## 💨 Quick Eval

### Environment Setup
To run the baseline code you need to install the following dependencies:
```bash
conda create -n bird_critic python=3.10 -y
conda activate bird_critic
pip install -r requirements.txt
```

### Generation
You also need to setup the model name (eg., **gpt-4o-2024-08-06**) with the API key in the `config.py` file. Then you can run the following command to generate the output:
```bash
# Generate the prompt
cd baseline/run
bash generate_prompt.sh

# LLM Inference, need to set the API key in config.py
bash run_baseline.sh
```
The output will be save in the [`./baseline/outputs/final_output/`](./baseline/outputs/final_output/)


### Evaluation
We use **docker** to provide a consistent environment for running the benchmark.

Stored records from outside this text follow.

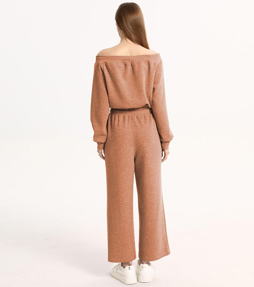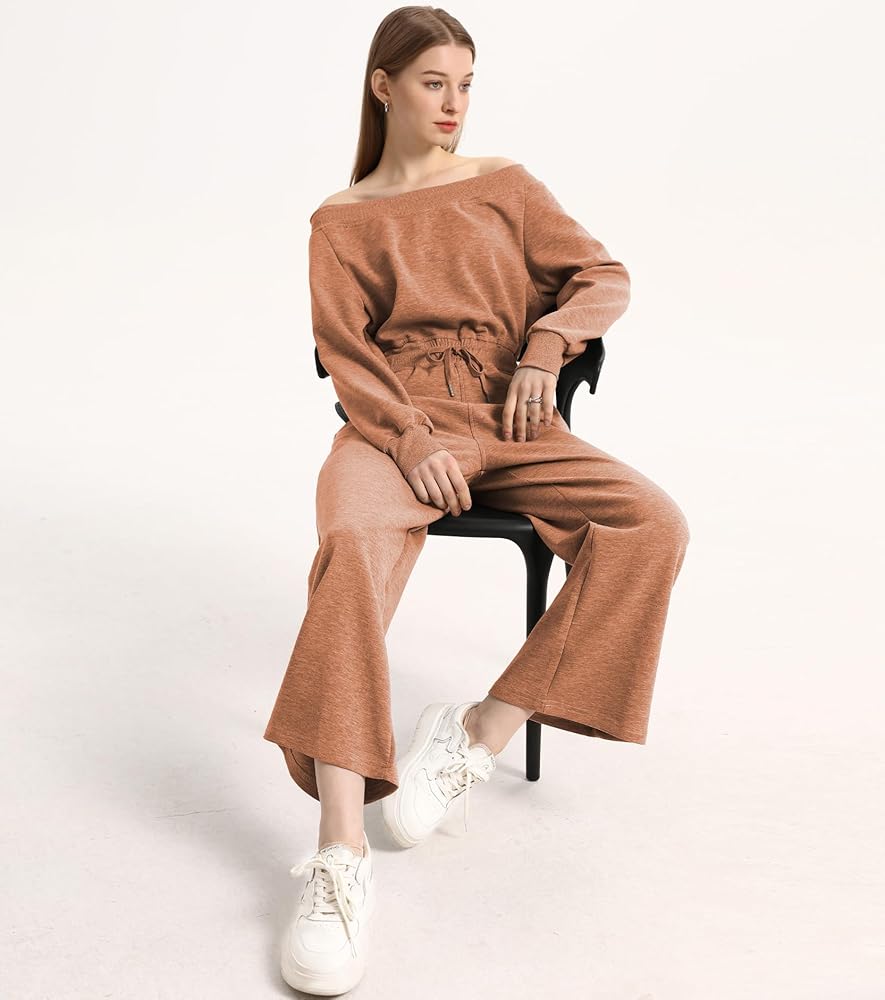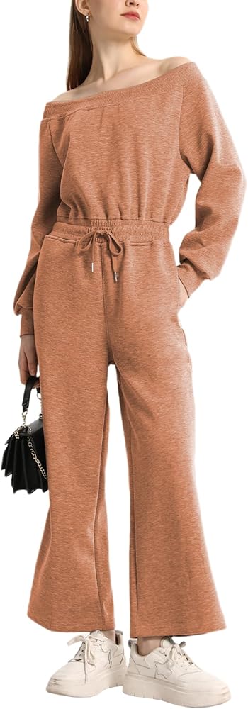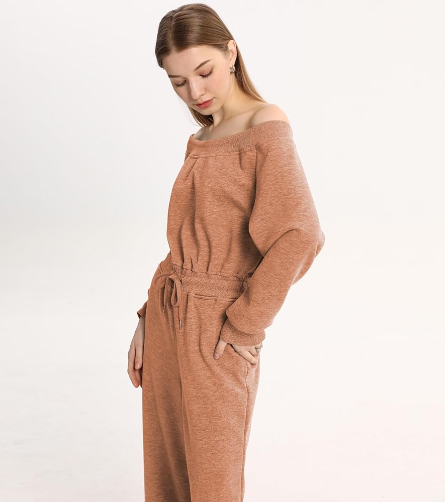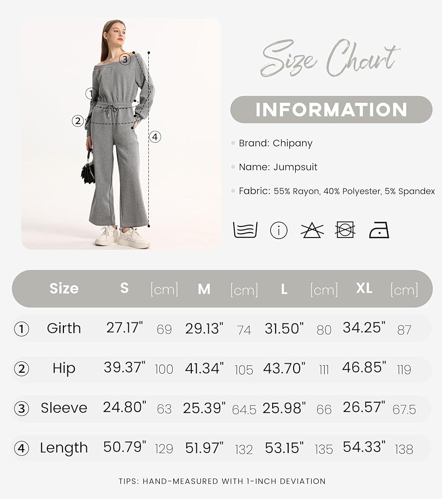 Features: Casual, elastic waist, one piece, one off shoulder, wide feet, long sleeves,solid color, two pockets, add elastic to the neckline to prevent deformation, stretchable long pants jumpsuit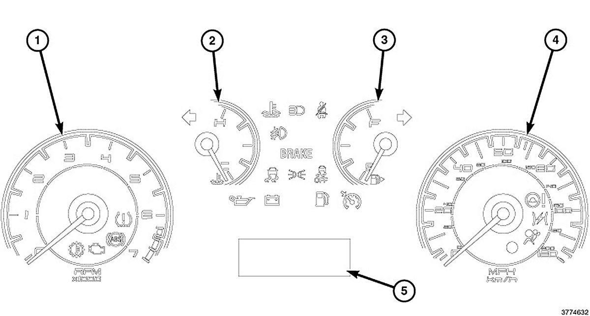 Besides an electronic display unit (5), the BASE IC for this vehicle includes the following analog gauges: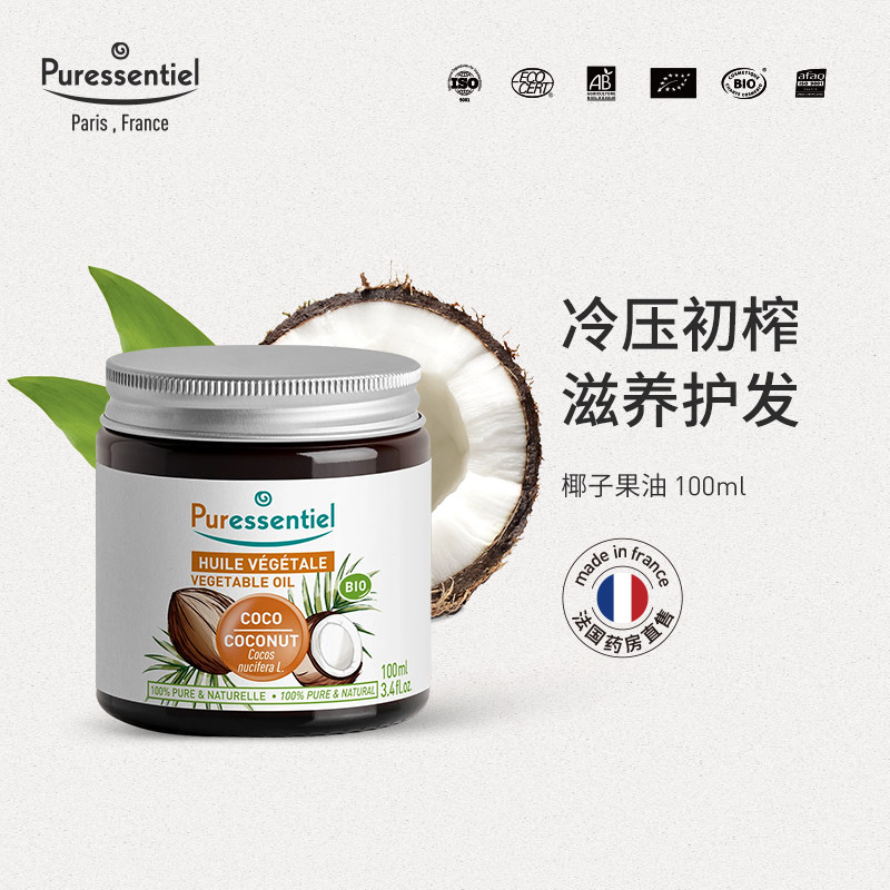 Puressentiel有机椰子油滋润身体按摩基础基底油精油100ml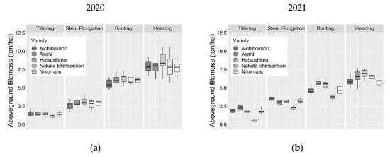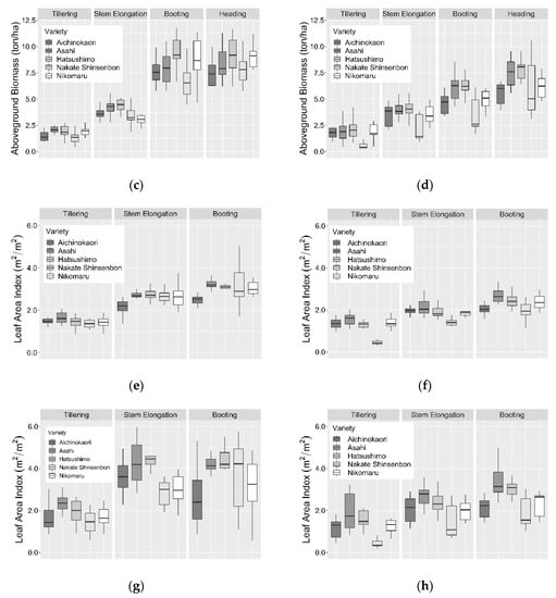 The range of LAI values per growth stage was similar among cultivars in the fertilizer trial except with Aichinokaori in 2020 and Nakate Shinsenbon in 2021 (Figure 3e,f). Higher LAI values were observed among cultivars in 2020 than in 2021. LAI measured from the fertilizer trial was also higher than in the trial with no fertilizer. Higher LAI variability within a cultivar was also observed in the fertilizer trial, especially at later growth stages (Figure 3g,h).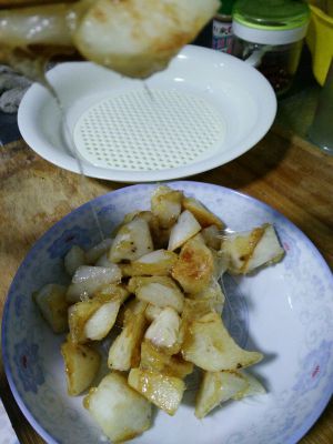 切好块后放凉水里冲一下,挂生粉或淀粉(干的)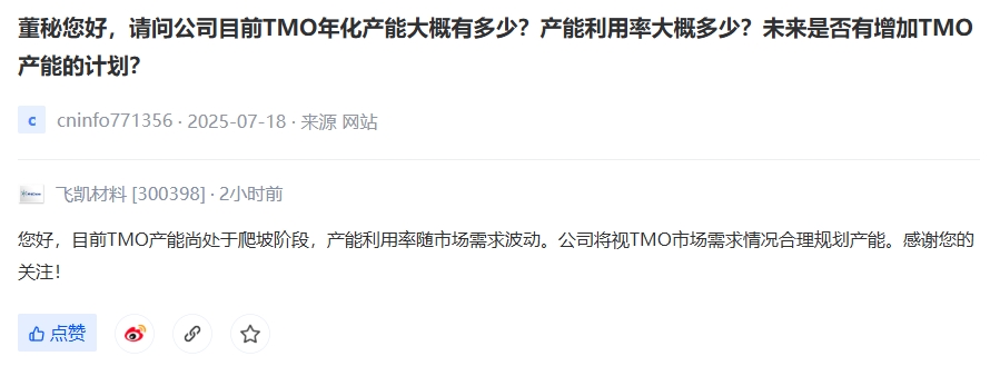 7月28日,飞凯材料(300398)在互动平台上表示,目前TMO产能尚处于爬坡阶段,产能利用率随市场需求波动。公司将视TMO市场需求情况合理规划产能。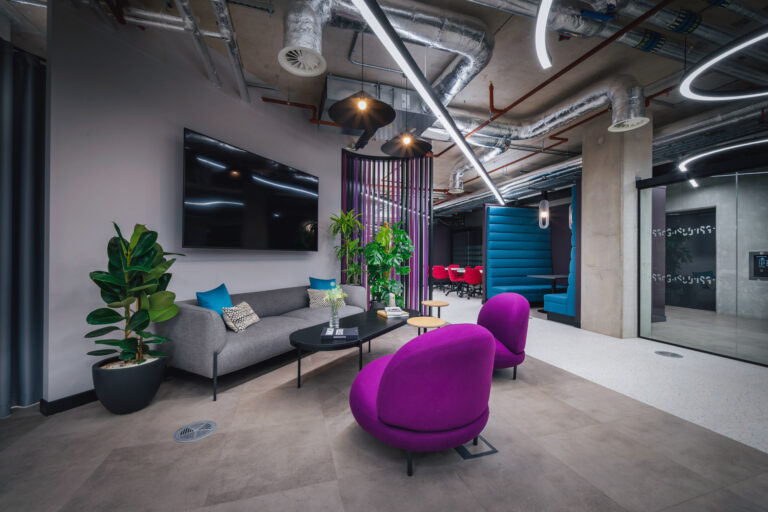 Our designers for the project reflected on their pride in how much reused products and materials were implemented without negatively impacting the final design. The amount used was unusual so navigating this and still creating a space that lives up to client expectations and reflects the Softcat identity was rewarding.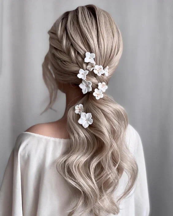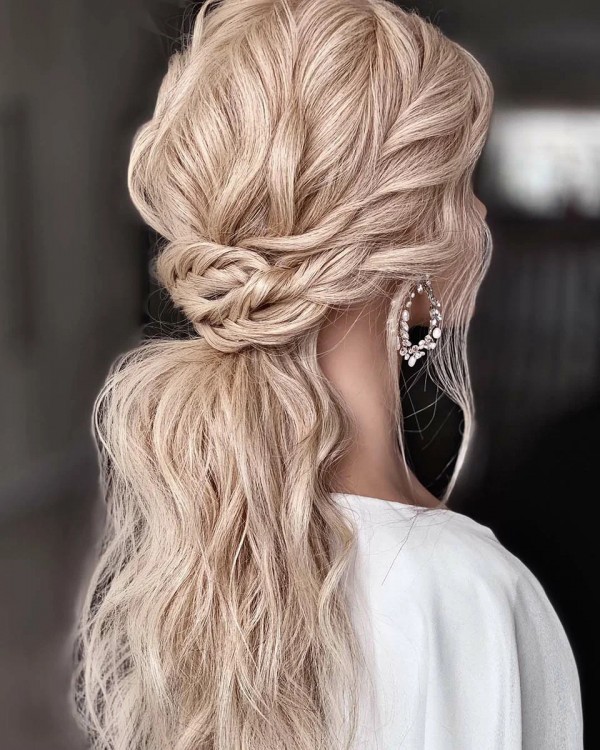 Хвіст з кількома переплетеннями + прикореневий об’єм + кілька розпущених пасм біля обличчя – ще одна проста у виконанні та елегантна зачіска, яка підійде як на кожен день, так і для особливої події.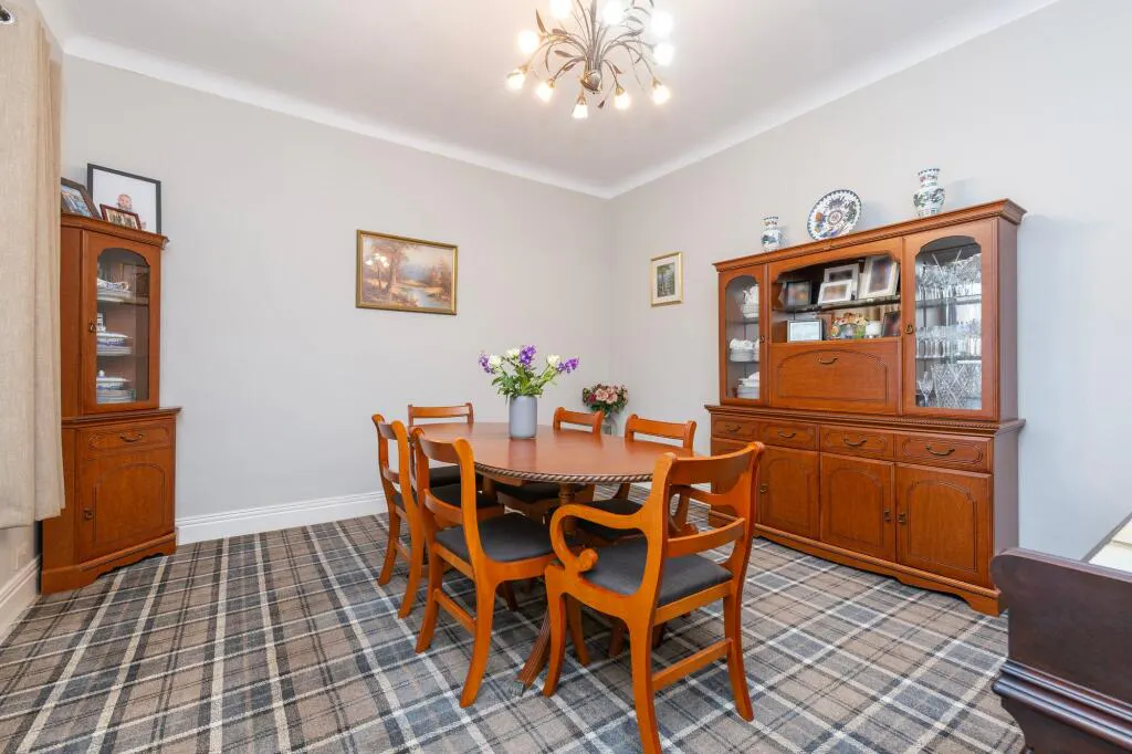 A spacious front porch provides a practical and welcoming entrance before leading into the impressive reception hall, where high ceilings and a beautifully panelled stairwell immediately reflect the home’s period heritage. These features continue throughout the principal rooms, enhancing both the sense of grandeur and the abundance of natural light.

To set up the environment, follow these steps:

1. First download the PostgreSQL, MySQL, SQL Server and Oracle database.
2. Unzip the folder and save it in the [`./evaluation`](./evaluation) named with postgre_table_dumps,mssql_table_dumps, mysql_table_dumps and  oracle_table_dumps.
3. Build the docker compose
```bash
cd evaluation
docker compose up --build
```
4. Interact with the database
You can use the `perform_query_on_{dialect}_databases()` function in the `evaluation/src/{dialect}_utils.py` file to interact with the each database. The function will return the result of the query.
5. Run the evaluation script inside the so_eval_env container
```bash
docker compose exec so_eval_env bash
cd run
bash run_eval.sh 
```
You have to specify the dialect you want to evaluate in the `run_eval.sh` script. The options are:
- `postgresql`
- `mysql`
- `sqlserver`
- `oracle`
The output report file will be saved in the same folder as your input file. 
If you want the log file for each instance, you can set the `--logging` to `true` in the `run_eval.sh` script.